The Old Lithuanian Corpus (Lith. Senosios lietuvių kalbos tekstynas; acronym SLIEKKAS, cf. Lith. sliekas “earthworm”) has to be a comprehensive, deeply annotated diachronic reference corpus of Old Lithuanian (1500–1800, ca. 10 m. textwords), being developed in cooperation between the Goethe-University of Frankfurt am Main (Germany), the Institute of Lithuanian Language (Vilnius, Lithuania), the University of Vilnius (Lithuania), and the University of Pisa (Italy). The aim is to create a multimodal (facsimile with annotated text), annotated (header-information, hierarchic structural palaeographic, textological, grammatical annotations) reference corpus. The ultimate goal is to develop a qualitative multilevel electronic retrieval engine for multilateral linguistic research of Old Lithuanian which will lead to reliable results for diachronic Lithuanian language studies. It has to finally enable the implementation of the two biggest desiderata of Baltic linguistics, the Old Lithuanian grammar, and the historic dictionary of Lithuanian.
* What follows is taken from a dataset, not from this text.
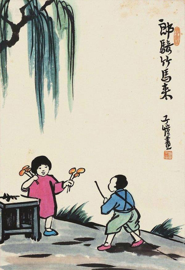 丰子恺绘画作品《郎骑竹马来》(图片来自网络)

The aim of the project Technological and scientific basis for the linguistic annotation of Old Lithuanian Corpus was to develop the linguistic and text-technological basis for the creation of a comprehensive deeply annotated reference corpus of Old Lithuanian and to test it on the basis of an exemplary corpus comprising ca. 350 000 Old Lithuanian words. The attempt to start with a test corpus in a pilot project was driven by the necessity to establish complex multilayered structures that are needed for a diachronic corpus, and to apply them gradually.

A basic-XML-structure, which is relevant for a further annotation on the basis of the Toolbox program (SIL) and in the annotation software ELAN (Max Planck Institute for Psycholinguistics in Nijmegen), was set. A detailed lexical and grammatical (morphosyntactical) annotation was started on (Toolbox). During the annotation process all the semi-automatically prepared data (lists of the word forms, dictionaries of the word forms, the lemmata and the glosses) were corrected and complemented manually. The standards of the Old Lithuanian Corpus were coordinated with the standards of the Old German Corpus, which also comprises the annotation of Latin texts. A program for the alignment of the annotated texts with facsimile reproductions of the original ImAnTo, created at the University of Frankfurt/Main, was successfully applied for the Old Lithuanian texts.